• Required work
Everything from the opening line of the records below through the line with "右上の[+]ボタンを押すとスケジュールを追加できます。" must be duplicated exactly, pictures left out.

---

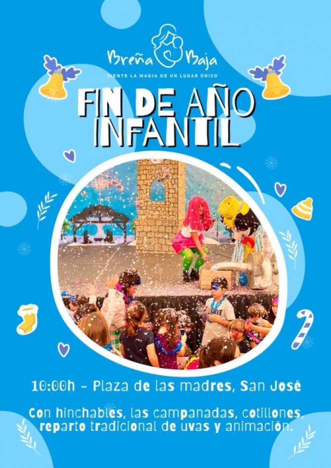 El martes 31 de diciembre a las 10.00 hs, en la Plaza de Las Madres de San José el Ayuntamiento de Breña Baja organiza una “Fiesta de Fin de Año Infantil 2024”
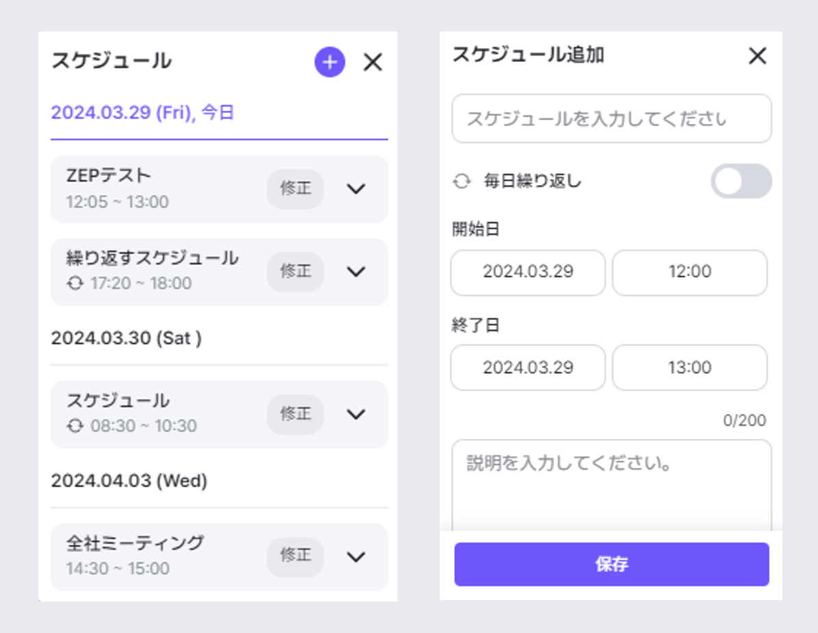 右上の[+]ボタンを押すとスケジュールを追加できます。
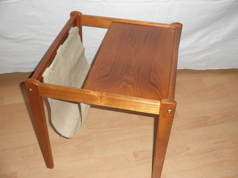 A Danish design labelled and produced by BRDR-Furbo Spottrup, Made in Denmark. This 1960s vintage teak side table has a canvas magazine sling suspended from dowels and is in good condition commensurate with age and use.
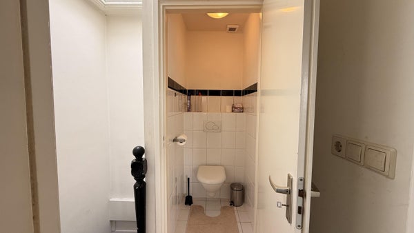 Entree op straatniveau, via het gemeenschappelijke trappenhuis bereikt u de tweede etage waar de voordeur van het appartement zich bevindt. De hal biedt tevens toegang tot een apart toilet, exclusief voor dit appartement.
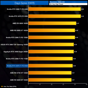 Using the graphics card-only power draw figures presented earlier in the review, here we present performance per Watt on a per-game basis for all twelve games we tested at 1440p.
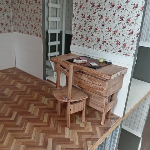 Puhelin, kramofoni, kello, kahvimylly, ompelukone ja kastelukannu.
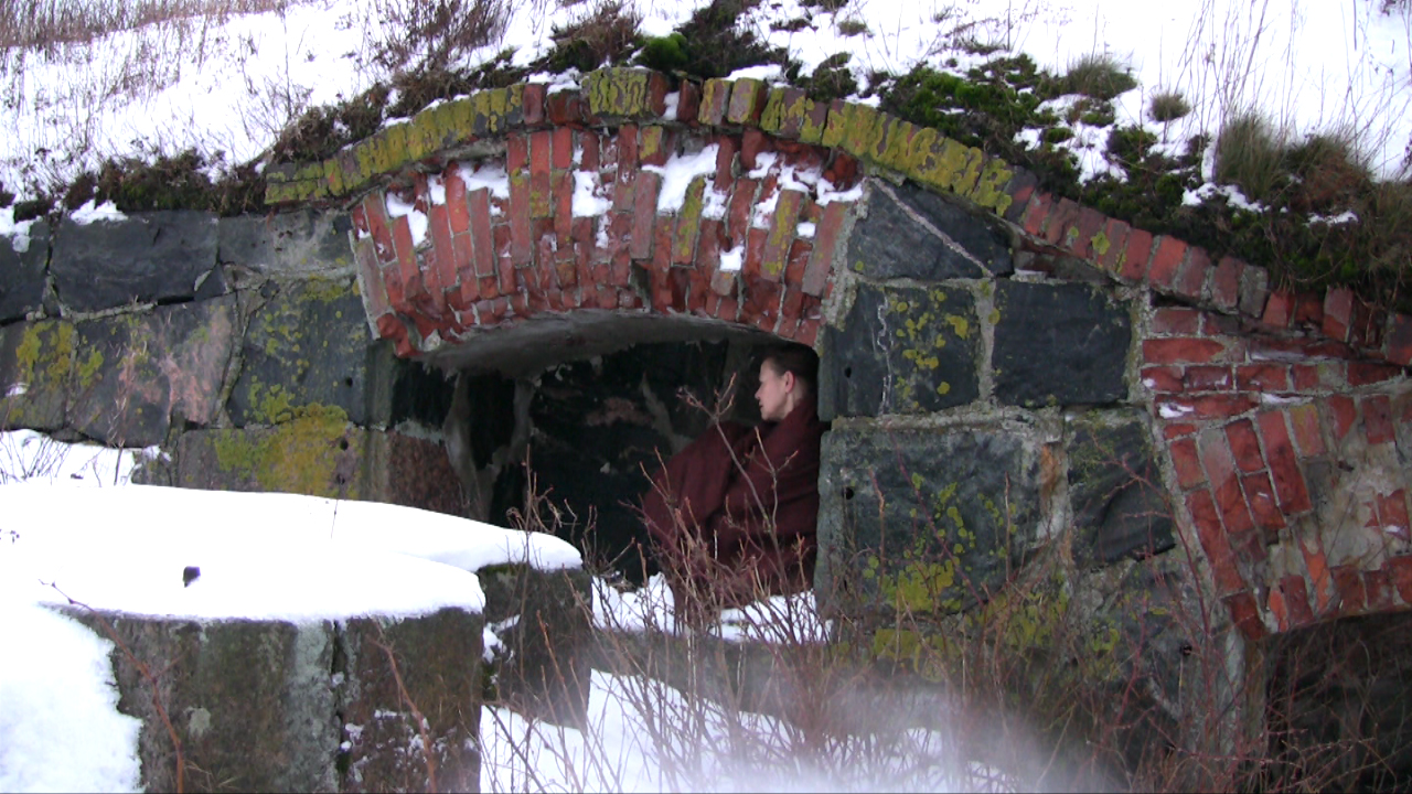 Part (1.) A rust-coloured scarf around my shoulders, I sit in a niche in the wall on the island of Harakka in Helsinki approximately once a week during a year from 25 January 2009 to 6 February 2010.
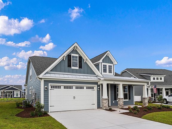 Quick Move In! Welcome to the Goldenrod. Upon entering from a large covered front porch, discover a foyer with a tray ceiling leading to a spacious wide-open living area. Two bedrooms with large closets and a full bath are located on the left with an open dining area just ahead with a coffered ceiling. The intimate great room features a 12' tray ceiling. A large, gourmet island in the kitchen offers additional seating and a surplus of counter space for large dinner parties or cooking large meals. Enjoy smaller meals with an extended breakfast area looking out onto the beautiful view of your backyard. From the great room, breeze through sliding glass doors onto a large, covered porch. The Goldenrod’s owner's suite offers an enormous walk-in closet accompanied by a beautiful owner's bath. The second-floor adds a bedroom, full bath, walk-in closet, and linen closet alongside a spacious loft area. Use this space as a large guest suite, media room, storage, or recreational room. With options for personalizing this model to fit your every need, the Goldenrod is full of possibilities. Make the Goldenrod the model you call “home” today! Welcome to Waterbridge, an established gated community in the sought-after Carolina Forest area of Myrtle Beach! If you are looking for a stunning location to build a new home that is also rich in amenities for you and your family to enjoy, look no further. Living in Waterbridge means living in a location that brings nature to your doorstep. With treelined and water view homesites, you are bound to find the perfect location to build your dream home. The overall coastal cottage-style homes show curb appeal at every angle and the approximately 120 acres of preserved land and 80 acres of lakes help make this the charming community many have come to love. There is no doubt that the bread and butter of Waterbridge are the award-winning, resort-style amenities featured there. Finding things to do just outside your front door will not be hard here. Grab a friend and go enjoy tennis, pickleball, or basketball. Journey out on Palmetto Lake via a boat launch where you can partake in all of the exciting activities lake life has to offer! Gatherings have never been better than at the beautifully crafted clubhouse with a refreshment center and catering-style kitchen. Break a sweat at the 24-hour fitness center, complete with cardio and weight training options. Waterbridge is also home to the largest residential swimming pool in South Carolina which includes Olympic-size swimming lanes, a landscaped island, jetted spa, and a swim-up refreshment center! Pack a bag because you will want to spend the whole day there! Outside of the community, the Myrtle Beach area has so much to offer! From golf to beautiful sprawling beaches with some delicious restaurants nearby, it will not be hard to find things to keep you busy! Nearby malls and outlets are good for some much-needed retail therapy and there is always a plethora of live entertainment and festivals to bring people together. Highly ranked schools in the Carolina Forest area and the close proximity to medical offices add the perfect touch of convenience. Don't miss the opportunity to call this unique community your home! Photo shown is of a similar house.
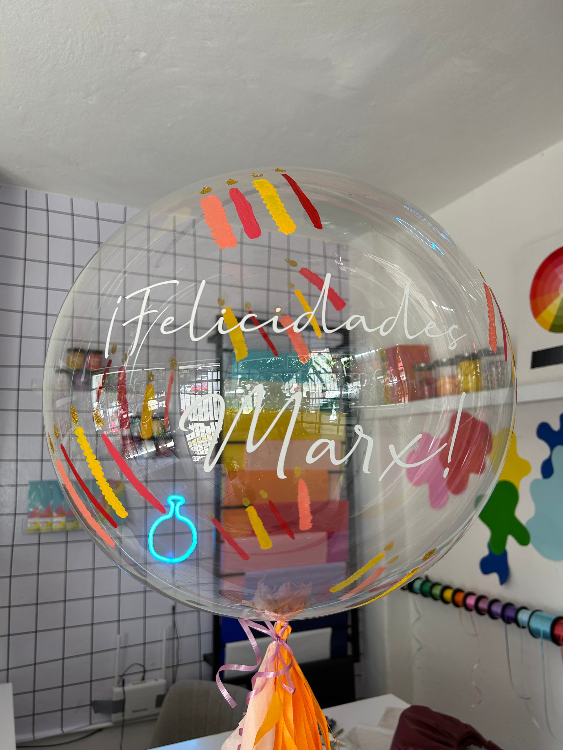 - Globo burbuja transparente velitas pintadas por fuera. Favor de especificar en las indicaciones especiales el color de las velitas y el texto de su elección.
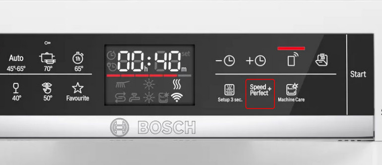 Bạn có thể sử dụng tính năng Speed Perfect + để rửa và làm khô bát đĩa hoàn toàn trong thời gian ngắn nhất. Chỉ cần chạm vào nút thì thời gian rửa có thể giảm tới 75% trong khi vẫn duy trì hiệu quả rửa. Chức năng Speed Perfect + có thể sử dụng được với bất kỳ chương trình rửa dài nào trên máy rửa bát Bosch TGB.SMU6ECS57E
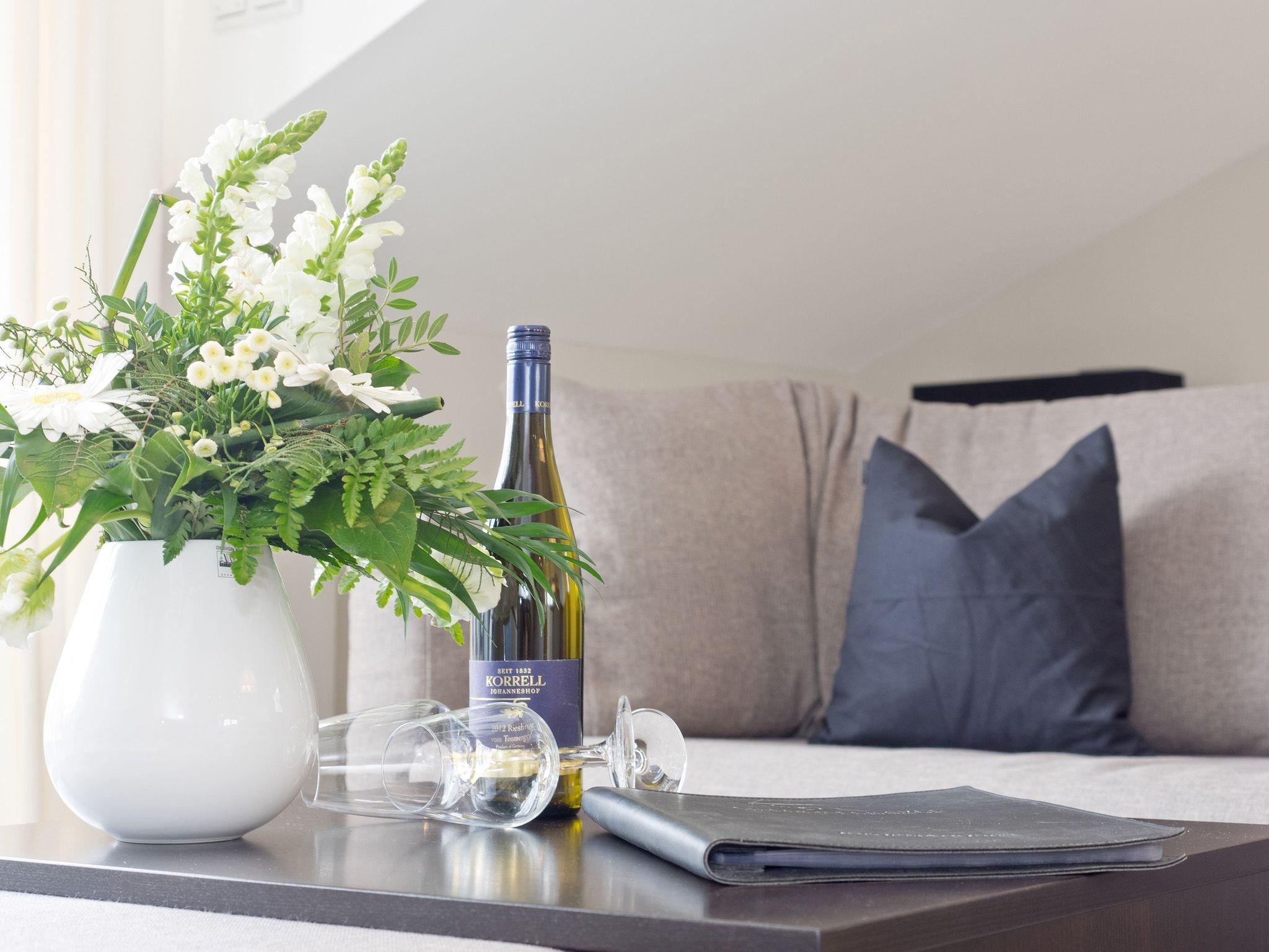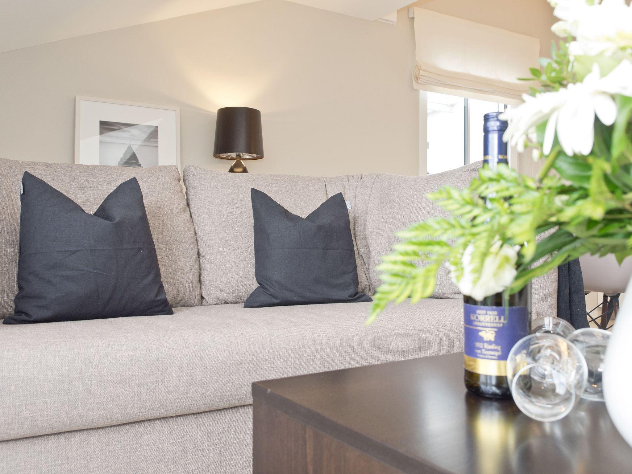 Zauberhaft wohnen im Dachgeschoss! Direkt unter dem Dach des Hauses gelegen, erwartet Sie eine stylische 2-Raum-Ferienwohnung (55 qm) für 2 Personen [&] ein Kind bis maximal 16 Jahre und ein Kleinkind bis 3 Jahre im Kinderreisebett. Schon beim Eintreten in die Diele offenbart sich ein sehr hochwertig ausgestatteter Wohnbereich mit offener komplett ausgestatteter Küche, die durch einen schönen Essplatz ergänzt wird. Der per Fernbedienung einfach zu benutzende Design-Gaskamin sorgt nicht nur in der kalten Jahreszeit für eine gemütliche Atmosphäre, sondern lädt auch zum abendlichen verweilen auf der bequemen Schlafcouch (als Aufbettungsmöglichkeit für ein Kind) ein. Für ausreichend Multimedia im Wohnbereich ist gesorgt- Loewe Flat-TV/Blue-Ray-Player, Loewe Radio/CD mit iPhone Docking-Station lassen nichts vermissen. Das Schlafzimmer mit komfortablen Einbauten, Loewe ? Flat-TV/DVD Player und exklusivem Schramm Boxspringbett (1,80 x 2 m) verfügt über einen schönen Balkon (Westseite) mit 2 Liegen und Blick auf das Seebad. Auch der zweite Westbalkon (mit Zugang vom Wohnbereich) mit Gartenmöbeln bietet einen schönen Ausblick auf Ahlbeck und lässt die Usedomer Mittags- und Abendsonne genießen. Für Ihren Komfort sind die Betten bei der Anreise bezogen und Handtücher liegen bereit. Ein Pkw-Stellplatz ( Nr.7) steht in der Tiefgarage zur Verfügung. Auf Wunsch stellen wir ein Kinderreisebett (ohne Matratze [&] Bettzeug) und einen Kinderhochstuhl gegen einen Aufpreis zur Verfügung. Die Nutzung des WLAN-Netzes ist kostenfrei.
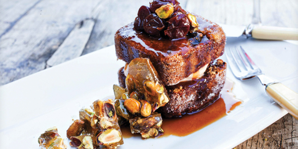 Pistachio Cakes with Cherry Rum Sauce & Pistachio Brittle
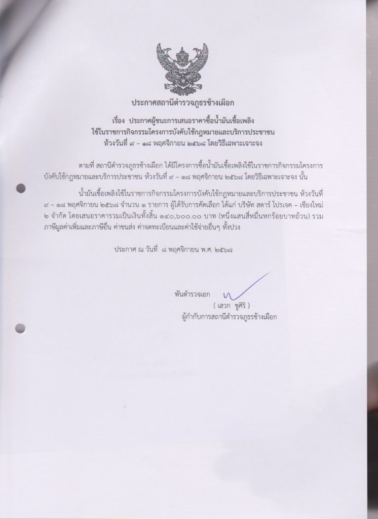 ประกาศผู้ชนะการเสนอราคาการจัดซื้อน้ำมันเชื้อเพลิง พฤศจิกายน 2568
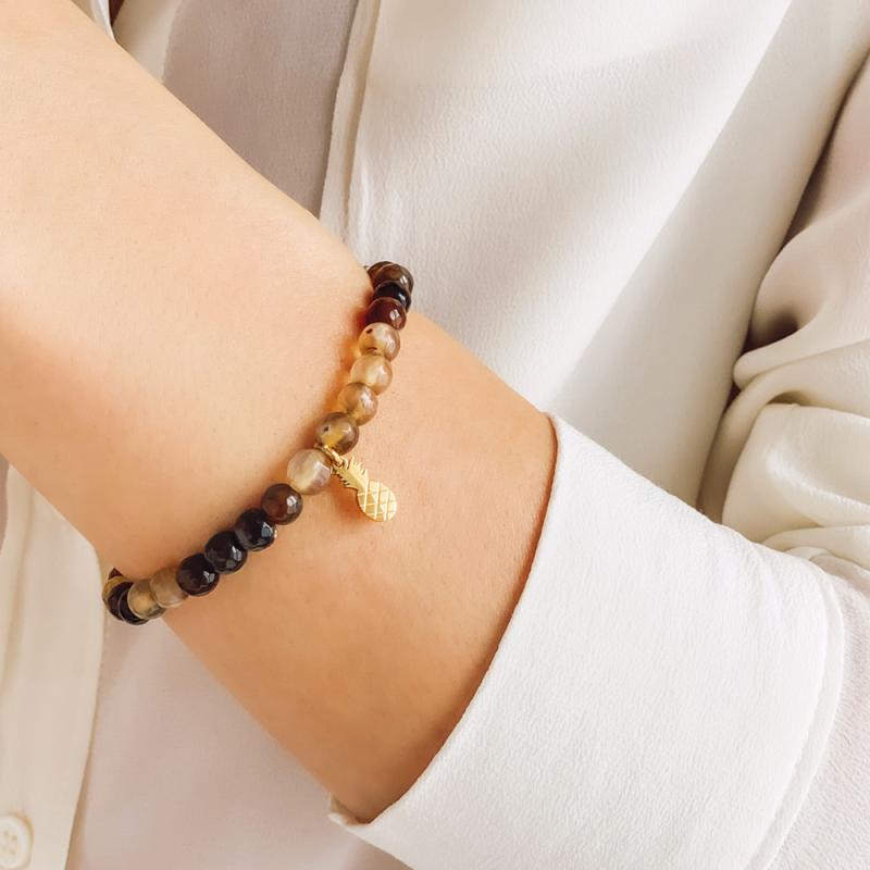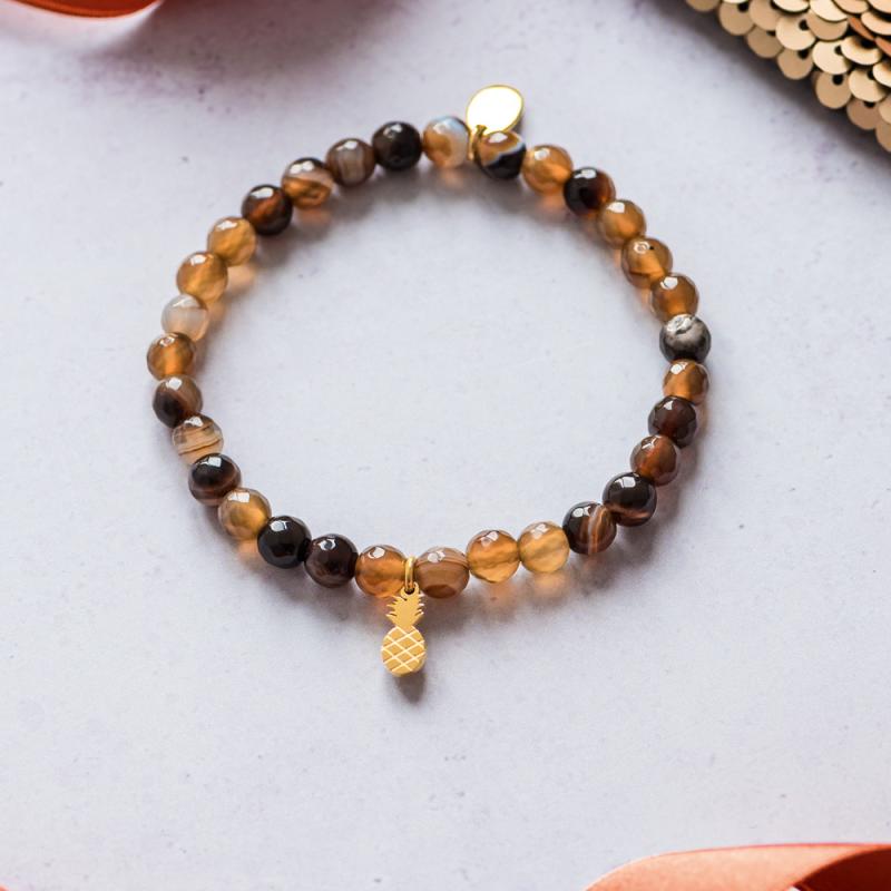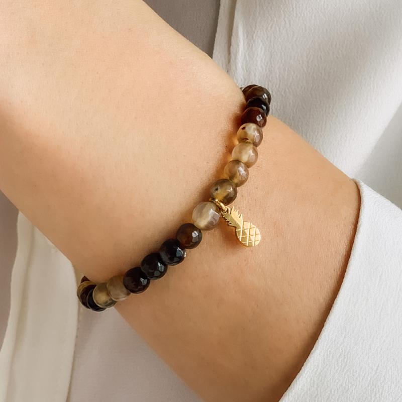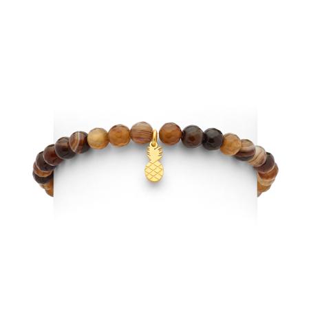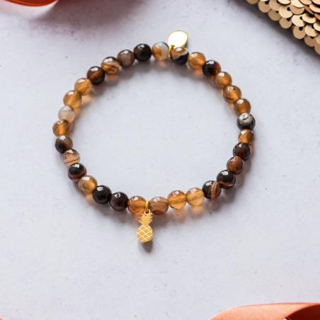 La couleur des agates de ce bracelet en acier jaune rappelle les tons de la forêt tropicale où les fruits gorgés de soleil et de sucre sont pléthore. La breloque en forme d'ananas de ce bracelet s'associe parfaitement à l'ensemble pour une évasion garantie. Ce bracelet est monté sur un élastique pour s'adapter à tous les poignets.

---

• Output of the task
 El martes 31 de diciembre a las 10.00 hs, en la Plaza de Las Madres de San José el Ayuntamiento de Breña Baja organiza una “Fiesta de Fin de Año Infantil 2024”
 右上の[+]ボタンを押すとスケジュールを追加できます。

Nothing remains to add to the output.